• **Exercise instructions**: Exactly the lines from the start of the data below through the line that contains "1、根据中国汽车流通协会提供" are to be copied, with pictures left out.

Top of Information

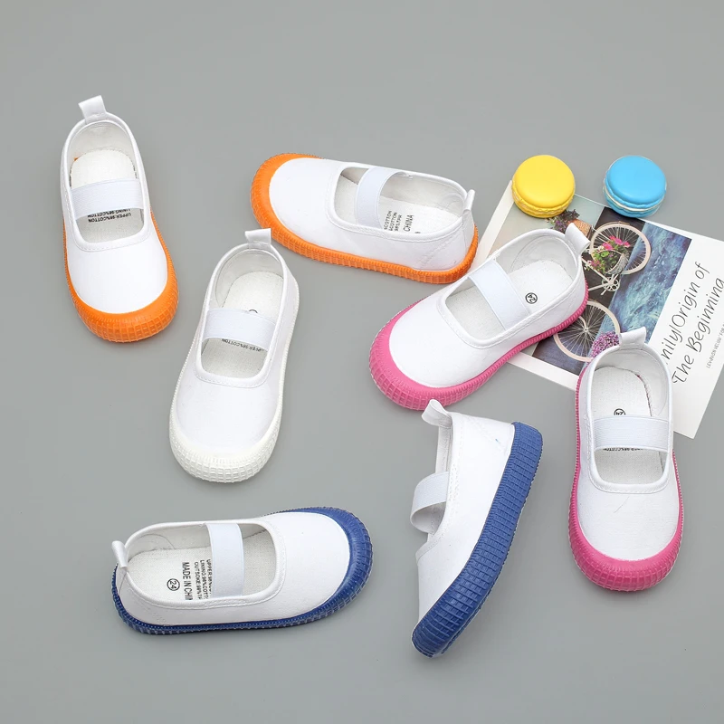 Детские белые парусиновые туфли для девочек, детские кроссовки, для детского сада, для студентов, модная дышащая мягкая повседневная обувь
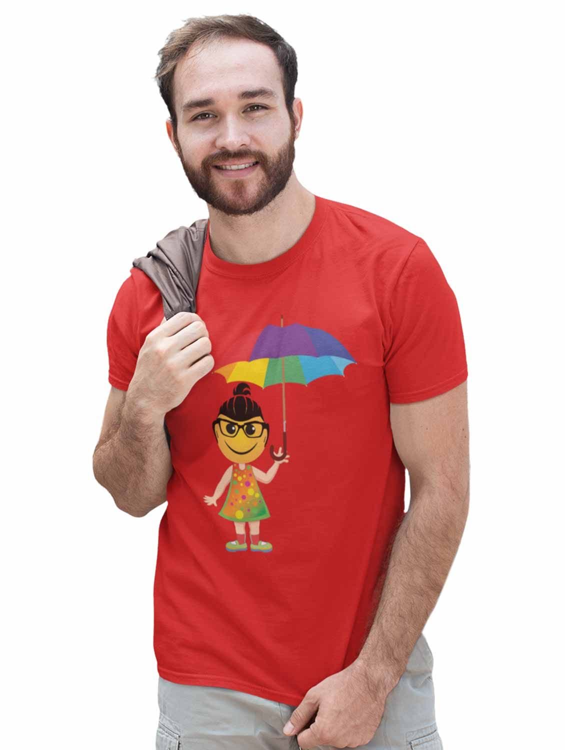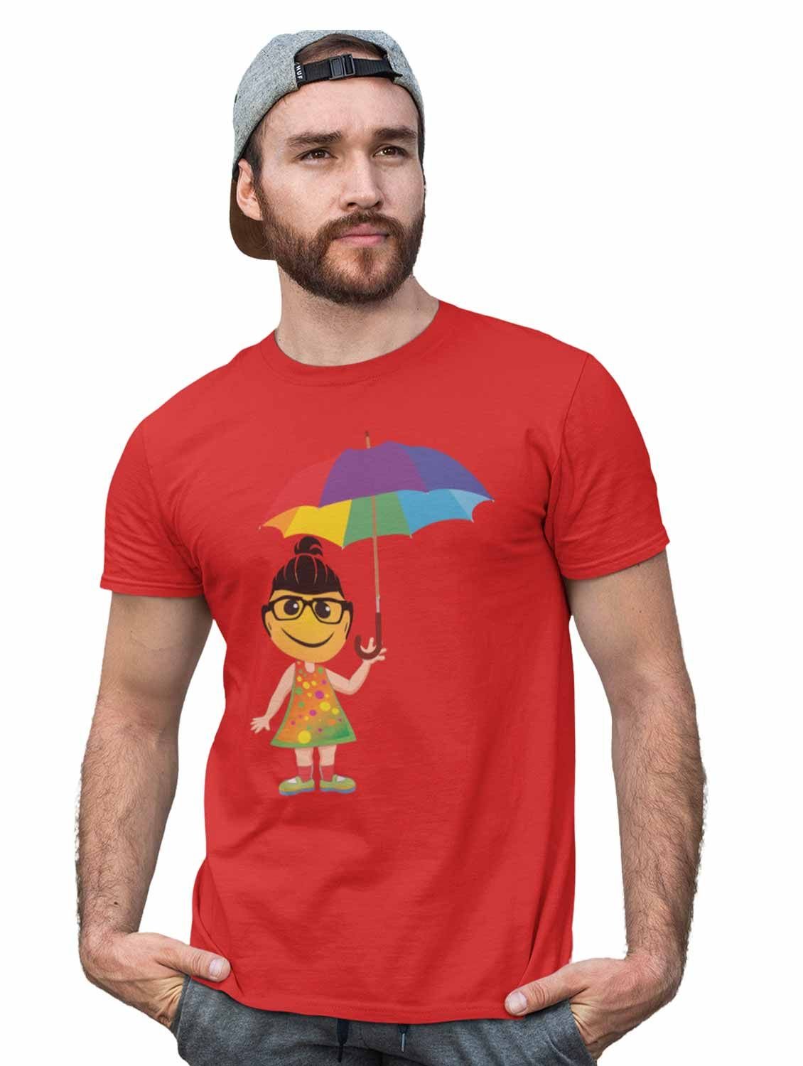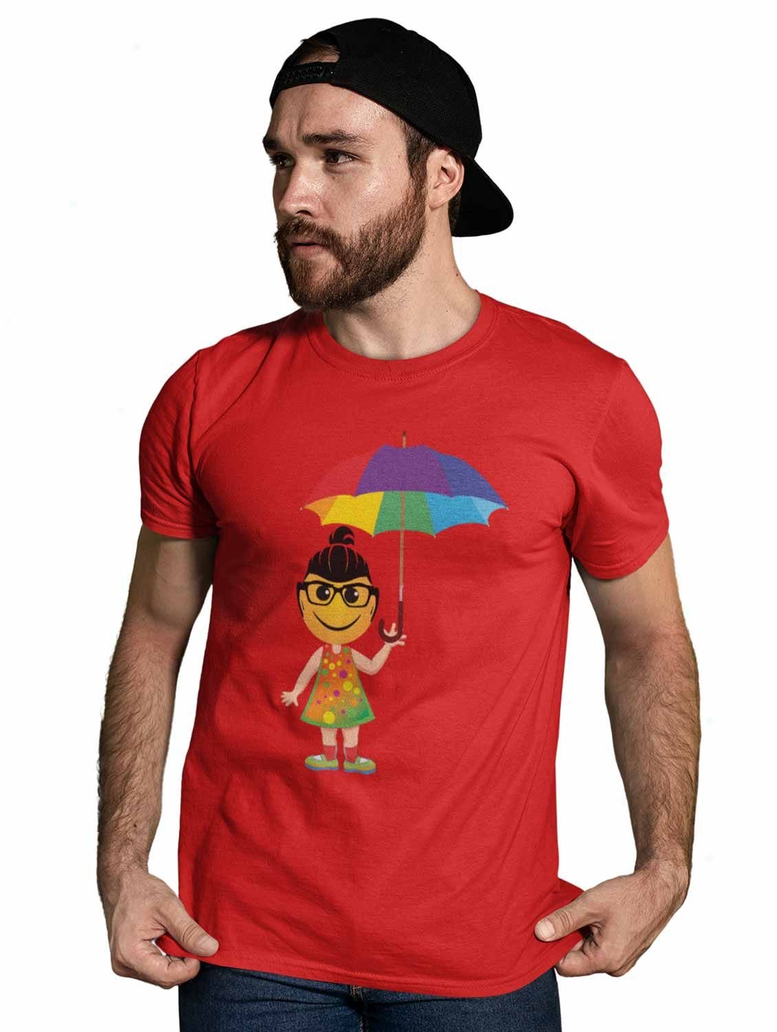 A Young Emoji Girl with Umbrella Printed T-shirt (Red) - Clothes for Emoji Lovers - Suitable for Fun Events- Foremost Gifting Material for Your Friends and Close Ones
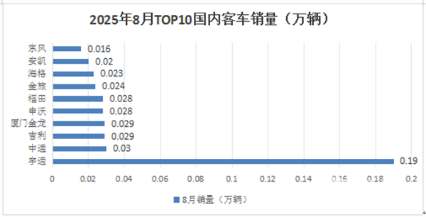 1、根据中国汽车流通协会提供的终端上牌数据,2025年8月国内大中型客车销量TOP10:
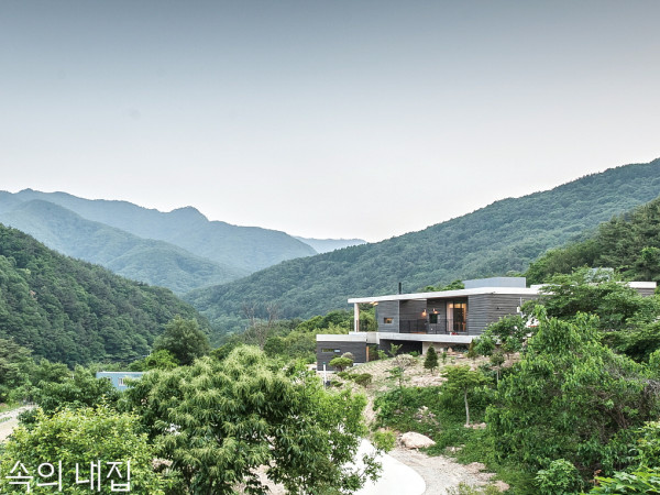 경사지를 최대한 훼손하지 않고 무심한 듯 중첩된 매스가 풍경 속에 자연스럽게 녹아든다.DIAGRAM겨울 산이 특히 아름답기로 소문난 전라북도 무주. 고향으로 귀촌한 건축주 부부는 2년 전 한 번 상담한 적 있는 건축가를 다시 찾아간다. 그 사이 구입한 산골 중턱의 경사가 꽤 있는 대지와 함께. 땅은 동쪽으로 흐르는 경사면에 대지 내부의 높이 차가 6m 정도일 정도로 조건이 까다로웠지만, 남쪽과 동북쪽에 전망과 향이 좋아 장점을 살리는 방향으로 잡는다면 충분히 매력 있는 집이 되리라고 건축가는 생각했고, 이 프로젝트에 동참한다.눈이 내린 어느 날, 고요한 풍경과 어울리는 주택의 전경깔끔하고 군더더기 없이 꾸민 게스트하우스 내부두 살 터울의 아들 둘을 둔 부부는 이 좋은 전망을 많은 사람과 함께 나누고자 거주 공간과 분리된 게스트하우스를 요청했다. 다만, 추후 생활의 변화가 있을 때를 대비해 내부적으로 연결할 수 있길 원했다. 때문에 진입하는 외부 동선은 서로 분리하되, 내부에서는 서로 통해야 한다는 만만치 않은 숙제가 생겼다.SECTION ①현관 ②거실 ③주방 ④방 ⑤화장실 ⑥드레스룸 ⑦다용도실 ⑧데크경사지라는 대지의 조건을 각기 다른 레벨의 마당을 가진 중첩된 매스로 풀어냈다. 1층 게스트하우스 코너 창 자리, 툇마루에서 바라본 풍경. 정면에 있는 나무는 집을 짓기 전부터 대지의 경계를 지키던 고목이다. HOUSE PLAN대지위치 ▶ 전라북도 무주군 | 대지면적 ▶ 999.57㎡(302.9평) 건물규모 ▶ 지상 2층 | 거주인원 ▶ 4명(부부 + 자녀 2) 건축면적 ▶ 173.68㎡(52.63평) | 연면적 ▶ 190.75㎡(57.80평) 건폐율 ▶ 17.37% | 용적률 ▶ 19.08% 주차대수 ▶ 2대 | 최고높이 ▶ 7.2m 구조 ▶ 기초 - 철근콘크리트 매트기초 / 지상 – 철근콘크리트(벽) + 무근콘크리트(지붕) 외부마감재 ▶ 외벽 – 외단열시스템 + 세라믹 와이드롱타일 블랙 / 지붕 – 노출콘크리트 위 우레탄도막방수 창호재 ▶ 공간 창호 알루미늄 시스템창호 3중유리 | 토목 ▶ 강산건축토목 구조설계(내진) ▶ ㈜이든구조 시공 ▶ 건축주 직영 | 총공사비 ▶ 5억원(인테리어, 조경 포함) 설계담당 ▶ 김종서, 이연진, 조은서, 이혜빈, 엄윤하 설계 ▶ ㈜제로리미츠건축사사무소 02-714-3006 www.ZLarchitecture.co.kr벽난로가 훈훈한 분위기를 더하는 2층 거실. 조망을 위해 모든 코너 창은 프레임 없이 시공했다. 외부 데크까지 확장된 듯한 거실 한편, 다도(茶道)가 취미인 건축주를 위한 자리 8 - 매스를 분리하면서 현관에서 진입할 때 탁 트인 시선을 선사하는 프라이빗한 데크 공간 경사지, 두 개의 영역을 따로 또 같이 쓰는 조건 속에서 건축가는 배치와 공간 구성에 주목했다. 설계를 맡은 제로리미츠 건축사사무소 김종서 소장은 “지형을 거스르지 않고 자연스럽게 어우러질 것, 사계절 다른 모습을 보여주는 덕유산의 산세를 최대한 누릴 수 있는 것”을 바탕으로 각기 다른 레벨의 마당을 가진 매스를 제안했다고 설명한다.덕유산 전망의 남향을 따라 배치한 1층과 정동향의 축을 유지한 2층이 서로 중첩되어마치 경사지에 살포시 얹어진 것 같은 품세는 그렇게 탄생되었다. 평지가 아닌 경사지 땅이라 가능한 건축적 대안을 고민하면서 자연에 순응하는 구성을 갖추고, 공간의 용도와 성격에 최대한 맞춰 반영한 결과다.INTERIOR SOURCE내부마감재 ▶ 벽 - 한화 수성 페인트 / 바닥 – 온돌마루, 포세린 타일 등 욕실 및 주방 타일 ▶ JS타일 수입 포세린 타일 | 수전 등 욕실기기 ▶ 계림도기 등 주방 가구 ▶ 스크랩우드 901 | 조명 ▶ LED T5, 75㎜ 매립등 계단재, 난간 ▶ 미송 현관문 ▶ 신진도어 | 중문 및 방문 ▶ 영림도어 붙박이장 ▶ 자작나무 합판 현장 제작 | 데크재 ▶ 19㎜ 방부목 오일스테인매스를 분리하면서 현관에서 진입할 때 탁 트인 시선을 선사하는 프라이빗한 데크 공간 / 주방에서 침실로 이어지는 미니 계단실을 외부에서 본 모습. 마름모꼴 창이 재미있다.드레스룸과 욕실을 갖춘 메인 침실 1층은 손님을 위한 게스트하우스로 거실과 주방, 침실로 간소하게 구성되었다. 실내에서는 코너 창을 통해 탁 트인 전망을 누릴 수 있는 동시에 욕실과 연결된 프라이빗한 뒷마당도 경험할 수 있다. 1층과 2층 사이에는 평소 닫아두지만, 필요 시 내부를 통해 이동할 수 있도록 계단실을 배치했다.건축주가 거주하는 2층은 중정을 품은 긴 매스와 약간의 단차가 있는 작은 매스가 ‘ㄱ’자로 배치되었다. 건물 중앙으로 진입하면 오른쪽에는 풍경이 창문 가득 들어오는 거실을, 왼쪽에는 콤팩트한 주방과 다용도실을 두었고, 주방을 지나 뜻밖의 위치에 놓인 계단을 따라 오르면 부부의 침실이 별채처럼 자리한다.매스가 분리되고 산지에 있는 집이라 외단열 시스템을 통해 단열 성능을 높이고, 노출되는 바닥 부분에도 내부 기준 이상의 단열재로 채우는 등 단순히 형태뿐만 아닌 내실까지 챙기고자 시공에 만전을 기했다.1F – 61.12㎡ 2F – 129.63㎡①현관 ②거실 ③주방 ④방 ⑤화장실 ⑥드레스룸 ⑦다용도실 ⑧데크여름에는 청량한 초록과 어우러져 그에 맞는 경쾌한 분위기를 내는 주택김 소장은 이러한 배치와 공간 구성이 극대화될 수 있도록 재료 역시 디테
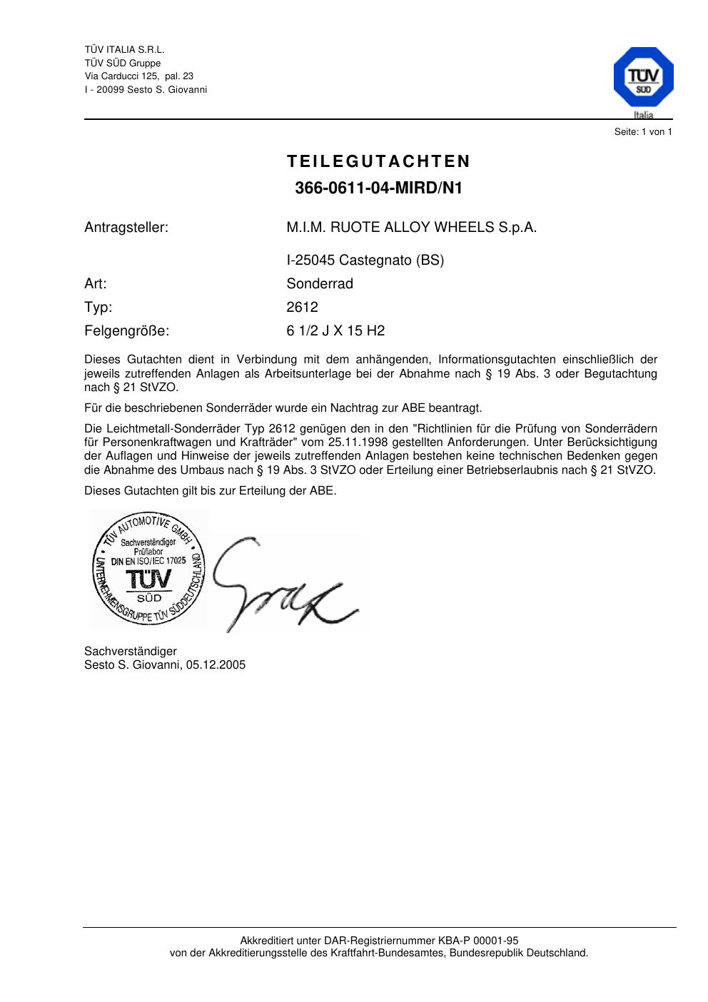 teilegutachten 366-0611-04-mird-n1 M.I.M. RUO TE ALLOY WHEELS S.p.A. Typ: 2612 Felgengröße

Bottom of Information

• **Output**:
 Детские белые парусиновые туфли для девочек, детские кроссовки, для детского сада, для студентов, модная дышащая мягкая повседневная обувь
 A Young Emoji Girl with Umbrella Printed T-shirt (Red) - Clothes for Emoji Lovers - Suitable for Fun Events- Foremost Gifting Material for Your Friends and Close Ones
 1、根据中国汽车流通协会提供的终端上牌数据,2025年8月国内大中型客车销量TOP10:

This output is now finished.